## Your objective
Copy each line below as it stands, but skip any picture it contains.

## Collected material
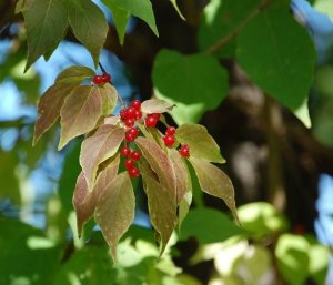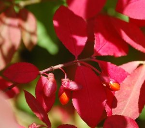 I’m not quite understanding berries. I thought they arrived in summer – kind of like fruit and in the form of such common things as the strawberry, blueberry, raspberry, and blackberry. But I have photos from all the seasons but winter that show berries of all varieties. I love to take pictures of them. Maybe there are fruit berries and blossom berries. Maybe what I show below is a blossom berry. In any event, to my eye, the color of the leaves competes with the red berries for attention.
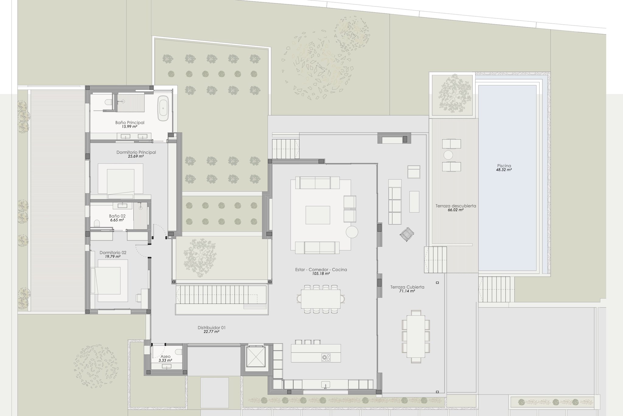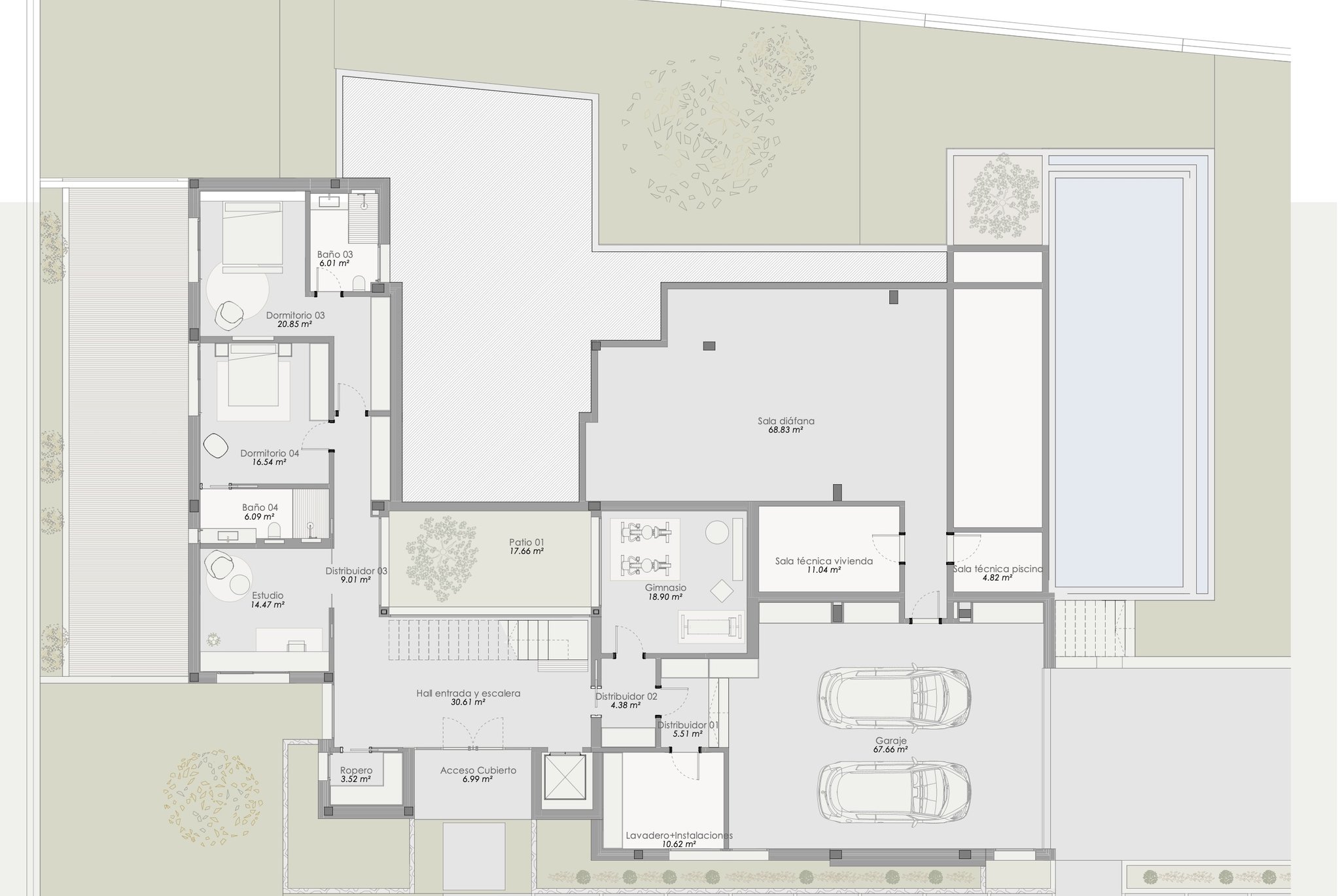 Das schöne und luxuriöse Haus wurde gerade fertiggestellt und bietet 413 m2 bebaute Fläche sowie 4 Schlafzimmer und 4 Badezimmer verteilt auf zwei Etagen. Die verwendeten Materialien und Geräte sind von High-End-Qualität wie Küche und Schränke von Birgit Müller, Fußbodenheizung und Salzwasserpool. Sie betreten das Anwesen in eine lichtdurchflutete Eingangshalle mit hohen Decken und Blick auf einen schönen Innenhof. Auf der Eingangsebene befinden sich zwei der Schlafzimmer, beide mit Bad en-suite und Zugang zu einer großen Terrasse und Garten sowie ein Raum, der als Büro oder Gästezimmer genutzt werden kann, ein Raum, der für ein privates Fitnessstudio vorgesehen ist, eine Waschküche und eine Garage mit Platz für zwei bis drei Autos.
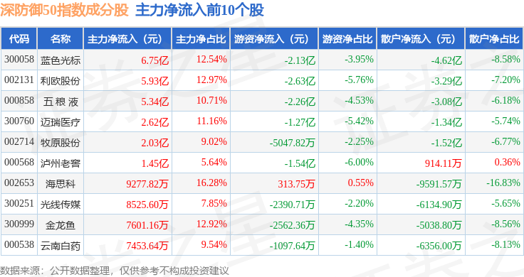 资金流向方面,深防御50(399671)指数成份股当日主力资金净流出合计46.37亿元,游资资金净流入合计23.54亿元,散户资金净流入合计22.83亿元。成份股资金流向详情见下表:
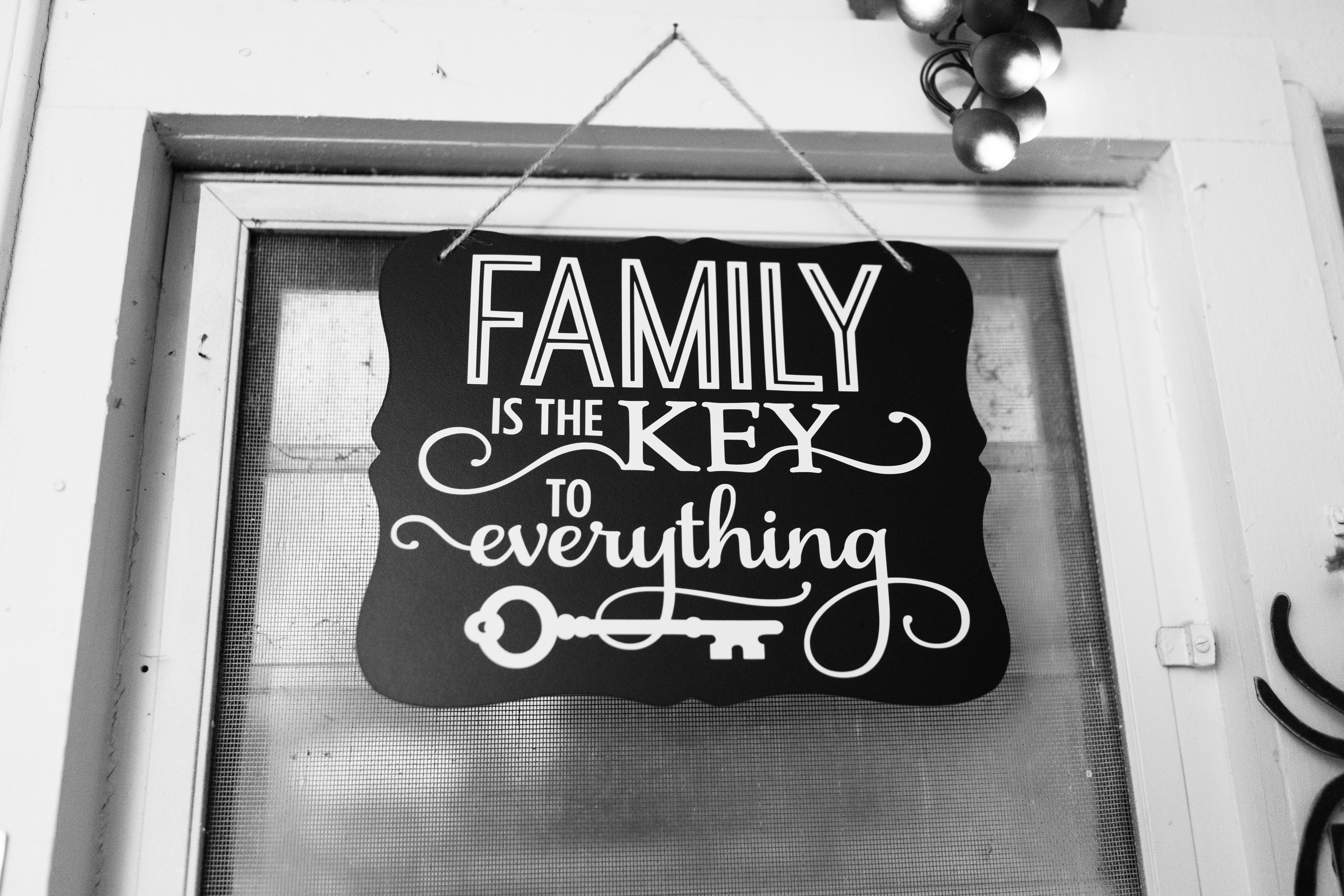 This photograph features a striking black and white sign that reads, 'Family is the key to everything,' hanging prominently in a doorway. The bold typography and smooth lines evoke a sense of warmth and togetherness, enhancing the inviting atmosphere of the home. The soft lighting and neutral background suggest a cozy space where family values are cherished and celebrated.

## Your response
 I’m not quite understanding berries. I thought they arrived in summer – kind of like fruit and in the form of such common things as the strawberry, blueberry, raspberry, and blackberry. But I have photos from all the seasons but winter that show berries of all varieties. I love to take pictures of them. Maybe there are fruit berries and blossom berries. Maybe what I show below is a blossom berry. In any event, to my eye, the color of the leaves competes with the red berries for attention.
 Das schöne und luxuriöse Haus wurde gerade fertiggestellt und bietet 413 m2 bebaute Fläche sowie 4 Schlafzimmer und 4 Badezimmer verteilt auf zwei Etagen. Die verwendeten Materialien und Geräte sind von High-End-Qualität wie Küche und Schränke von Birgit Müller, Fußbodenheizung und Salzwasserpool. Sie betreten das Anwesen in eine lichtdurchflutete Eingangshalle mit hohen Decken und Blick auf einen schönen Innenhof. Auf der Eingangsebene befinden sich zwei der Schlafzimmer, beide mit Bad en-suite und Zugang zu einer großen Terrasse und Garten sowie ein Raum, der als Büro oder Gästezimmer genutzt werden kann, ein Raum, der für ein privates Fitnessstudio vorgesehen ist, eine Waschküche und eine Garage mit Platz für zwei bis drei Autos.
 资金流向方面,深防御50(399671)指数成份股当日主力资金净流出合计46.37亿元,游资资金净流入合计23.54亿元,散户资金净流入合计22.83亿元。成份股资金流向详情见下表:
 This photograph features a striking black and white sign that reads, 'Family is the key to everything,' hanging prominently in a doorway. The bold typography and smooth lines evoke a sense of warmth and togetherness, enhancing the inviting atmosphere of the home. The soft lighting and neutral background suggest a cozy space where family values are cherished and celebrated.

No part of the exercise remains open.